# Second Order Circuit

#### Bernardri

Joined Dec 17, 2018
5
Hello, I would like some help with this second order circuit exercise.

I did'nt understand why the solution says that V (0) = -30 V.

Also, I did not understand why the capacitor's voltage (Vc) is -30 V.

Isn't the voltage for t <0 (when the capacitor is loaded) the same as the voltage source?

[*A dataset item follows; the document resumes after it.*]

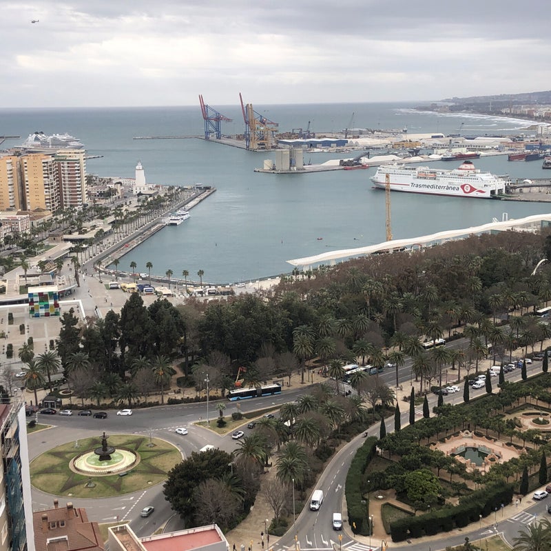 Na deze geweldige middag, wilden we een drankje doen op het dakterras van Alcazaba Premium Hostel. De lift omhoog is al leuk, dus we verheugen ons erg op het uitzicht. Jammer genoeg, is het terras helemaal vol, en zijn we net zo snel weer beneden, als dat we boven waren. Het uitzicht was idd mooi, maar niet zo indrukwekkend als dat we hadden gedacht. We zoeken een terras in de zon, en komen via het Teatro Cervantes, Picasso Museum en Calle Santa Maria in de buurt van de haven terecht. Wat we wel bijzonder vinden, is dat een biertje overal in een wijnglas wordt geschonken. Nog steeds geen idee, of dat typisch is voor Malaga.

The exercise asked for the circuit below i(t) for t>0 . The switch opens at t=0 after a long time closed My attempt:

For t<0: V(0)= 30 V and i(0)= 15 A

For t>0:

α= R/(2L)= 2/(2*0,5)= 2

omega = 1/sqrt (LC) = 1/sqrt(0.5*0.25) = 2.82942712475

Under-damped:

di/dt= -2(15 cos(2t)+ B sin(2t))e^-2t + (-2*15 sin (2t) + 2 Bcos(2t))e^2t

di(0)/dt = -30+ 2B = -(1/L) [R*i(o)+ Vc(0)] = -2 [30+30] = -120

-30+2B=-120

B= -45

i(t)= 15 cos (2t) + (-45 sin (2t))e^-2t A

So, the answer isn't the same as the book's solution.

#### Bernardri

Joined Dec 17, 2018
5
Apparently they are using the left side of the capacitor as the common/ground reference.
Below is the LTspice simulation of the circuit:
The response is slightly underdamped as you stated.

View attachment 166018
Do you think that the equation that describes i(t). i(t) = (15 cos (2t) + 15 sin(2t))e^-2t A , is correct?
Thank you very much, Crutshow.

#### crutschow

Joined Mar 14, 2008
30,098
Do you think that the equation that describes i(t). i(t) = (15 cos (2t) + 15 sin(2t))e^-2t A , is correct?
Not sure.
Sorry, I don't do math problems unless I absolutely have to. #### MrAl

Joined Jun 17, 2014
9,151
Hello, I would like some help with this second order circuit exercise.

I did'nt understand why the solution says that V (0) = -30 V.

Also, I did not understand why the capacitor's voltage (Vc) is -30 V.

Isn't the voltage for t <0 (when the capacitor is loaded) the same as the voltage source?

The exercise asked for the circuit below i(t) for t>0 . The switch opens at t=0 after a long time closed
View attachment 166014

My attempt:

For t<0: V(0)= 30 V and i(0)= 15 A

For t>0:

α= R/(2L)= 2/(2*0,5)= 2

omega = 1/sqrt (LC) = 1/sqrt(0.5*0.25) = 2.82942712475

Under-damped:

di/dt= -2(15 cos(2t)+ B sin(2t))e^-2t + (-2*15 sin (2t) + 2 Bcos(2t))e^2t

di(0)/dt = -30+ 2B = -(1/L) [R*i(o)+ Vc(0)] = -2 [30+30] = -120

-30+2B=-120

B= -45

i(t)= 15 cos (2t) + (-45 sin (2t))e^-2t A

So, the answer isn't the same as the book's solution.
Hello,

Are there some things missing from this problem statement?
I ask because the bottom of the second circuit diagram looks like it is missing.

Also, is the -30v the initial cap voltage? That's what it looks like, but it would be better if we could see the whole problem statement and also the solution too. This is not a difficult problem but we need the exact problem specification to answer adequately.